4. Experimental Results

The implementation of the proposed wireless power transfer system is shown in Figure 3.

FIGURE 3: Flowchart of wireless power transfer implementation.

In the test field, 8 harvested energy-enabled IoT devices are placed as Figure 2 indicates. The top view of the test field can be seen as a 2D map. Henceforth, the map is modeled and inputted into the computer. Then the AD-DQN algorithm is implemented in computer using Python and the optimal charging path can be derived. At the same time, a wireless power transfer robot is assembled. Two Powercast RF power transmitters TX91501 [8] are mounted on two sides of the Raspberry Pi [26] enabled intelligent driving robot. Each transmitter is powered by 5 V power bank and continuously emits 3 Watts RF power. The infrared patrol module is installed on the robot to implement the autodrive on the test field; henceforth, the robot can automatically cruise on along the path and continuously charge the multiple IoT devices, as shown in Figure 1. To the best of our knowledge, we are the first ones to implement the automatic wireless power transfer system in the test field and invent AD-DQN algorithm to design the optimal path for the wireless power transfer robot. Since we are the first ones to design and implement the mobile far-field wireless power transfer system, there is no hardware reference design we can refer to and use for validation. So the validation of our work is done in the software aspect. But referring to the flowchart, our mobile wireless power transfer system can be replicated.

For the software, we use TensorFlow 0.13.1 together with Python 3.8 in Jupyter Notebook 5.6.0 as the software simulation environment to train the AD-DQN. The number of hidden layers is 4 and each hidden layer owns 100 nodes. The learning rate is less than 0.1. The mini-batch size is 10. The learning frequency is 5. The training starting step is 200. The experience pool is greater than 20000. The exploration interval is 0.001. The target network replacement interval is greater than 100. Reward decay is 0.99.

First, different reward functions are tested for the optimal one. Reward one reward₁ is defined using equation (5). The unit price is defined as $ζ = 4$ . Reward two reward₂ is defined as

(17)

\begin{matrix} w_{2} (s, a, s^{'}) = (\begin{matrix} ζ, & s^{'} \in {eff}_{o_{k}}, a c c_{o_{k - 1}} = 1, \\ - 1, & otherwise, \end{matrix}) \end{matrix}

where $ζ = 4$ . Reward three reward₃ is defined with equation (5); however, $ζ = 2$ . Two factors are observed for the performance of different rewards, which are average reward during the training and average time consumption during the training.

Based on the procedures of AD-DQN in Algorithm 1, the experimental field is divided into two areas along the only shared effective charging area for both device 2 and device 3. In area I, IoT devices 2, 3, 4, 5, and 6 are included, while in area II, IoT devices 0, 1, 2, 6, and 7 are included.

In area I, the performances of three different rewards are compared in Figures 4 and 5.

FIGURE 4: The average rewards of reward₁, reward₂, and reward₃ versus the training episodes in area I of the experimental field.

FIGURE 5: The average time consumption achieved by reward₁, reward₂, and reward₃ versus the training episodes in area I of the experimental field.

In area II, the performances of three different rewards are compared in Figures 6 and 7.

FIGURE 6: The average rewards of reward₁, reward₂, and reward₃ versus the training episodes in area II of the experimental field.

FIGURE 7: The average time consumption achieved by reward₁, reward₂, and reward₃ versus the training episodes in area II of the experimental field.

From Figures 4 and 5, we can observe that reward₁ is optimal. Since all three rewards perform similarly on the time consumption, reward₁ is the highest reward among all, which means that reward₁ can effectively charge most of the IoT devices compared with the other two rewards.
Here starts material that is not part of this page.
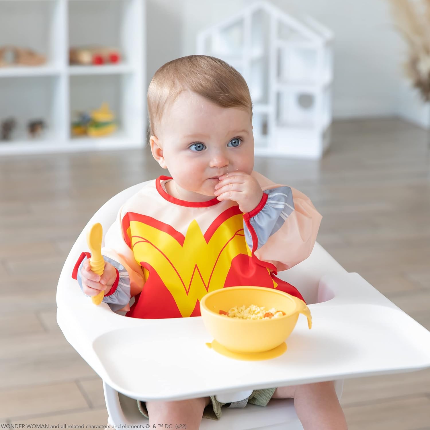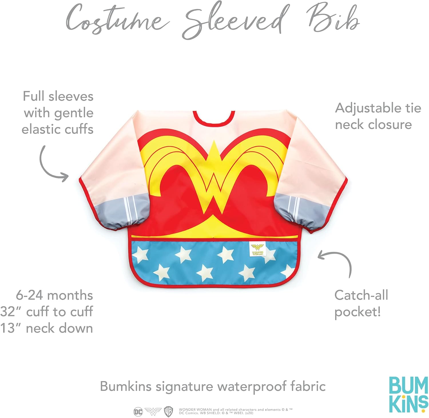 De taille généreuse et idéal pour nourrir le bébé, le bavoir à manches est fabriqué dans le tissu léger, durable et imperméable de Bumkins, qui résiste aux taches et aux odeurs. Avec une seule couche de tissu, vous n'avez pas à vous soucier de la prolifération de substances indésirables entre les couches. Ajustez la taille de votre enfant grâce à la fermeture à l'arrière et aux poignets élastiques. Une grande poche attrape-tout permet de contenir les éclaboussures, les miettes et bien plus encore. Essuyable et lavable en machine, elle se nettoie facilement pour que vous puissiez l'utiliser encore et encore !

From Figures 6 and 7, we can observe that reward₃ performs best on the time consumption to complete one episode; however, reward₁ is much more average reward than reward₃. That can be explained as follows: compared with reward₁, reward₃ can only effectively charge fewer number of the IoT devices.

Overall, reward₁ has optimal performance in both areas I and II; henceforth, reward₁ is used to define the reward for AD-DQN.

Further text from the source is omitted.